Yes you are correct that the folders in /mnt get labeled, should have phrased that a bit better. I was not clear about what the actual goal/use case was for the relabeling and wanted to get to the reason.

The general problem we discussed here was about mounting a file system and then assigning the correct labels in that mounted file system. Which would not have worked with restorecon or relabeling the filesystem through other means without intervention.

What makes you say that?

That is correct …

but only if asked to do so (did I?) and even if such a module is created audit2allow will not apply that module!

My goal is to gather as much information on OPs problem as possible (and not to rant based on assumptions).

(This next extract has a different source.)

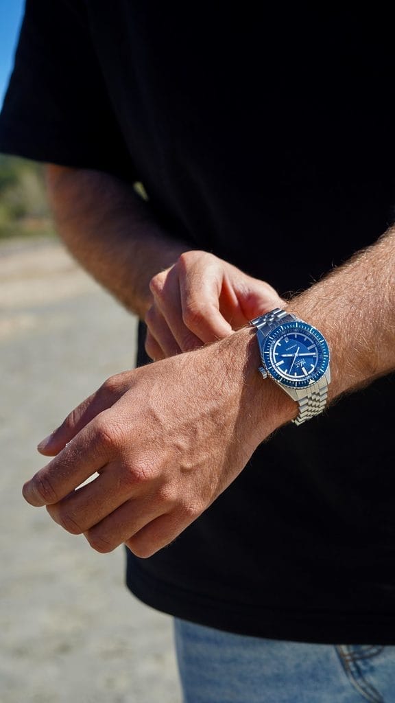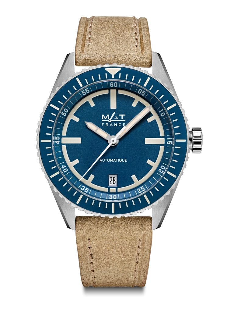 MATWATCHES propose également un jeu de trois bracelets interchangeables — acier style « Jubilee », caoutchouc Tropic texturé bleu et canvas bleu intense —, permettant d’adapter la montre à chaque moment de vie. Un bracelet cuir sable est également disponible en option, renforçant son caractère versatile.

Which is why I use “restorecon -F” to force the policy provided by SUSE and openSUSE …

But how would that have helped in the case described by Budgie2 ? restorecon assigns the file context based on the path, i.e. the current position in the directory tree:

If the disk, that was mounted under /mnt/*, is supposed to boot independently mounted under / that would assign the wrong labels as the files would be in a different position once the system boots.

If the disk would have stayed under /mnt then it would need manual intervention by the system admin to assign the correct labels based on the use case. For that case we did not have enough details to help provide the correct labels.

I am just trying to explain why it was the wrong approach to fix the problem so that it might help people in the future, I am not blaming anyone. I may also not fully understand your point about ‘restorecon -F’, because this is mentioned for the first time in this thread as far as I can tell.

If a file system is mounted for the first time somewhere – for example under ‘/mnt’ – then, “restorecon” with the “-F” option has to be run to force the correct context for that filesystem.
But, one should first read the semanage-fcontext man (8) page – especially the “EXAMPLE” section.
For the case of /mnt, my “SELinux Local fcontext Equivalence” list looks like this –

/mnt/Arbeitsverzeichnis-001/User-xxx = /home
/mnt/Arbeitsverzeichnis-002/User-xxx = /home
/mnt/Sicherungen/User-xxx = /home

If that filesystem were to be re-mounted somewhere else – for example directly on ‘/’ then, “restorecon” will have to be run again with the “-F” option to force the correct context for that filesystem.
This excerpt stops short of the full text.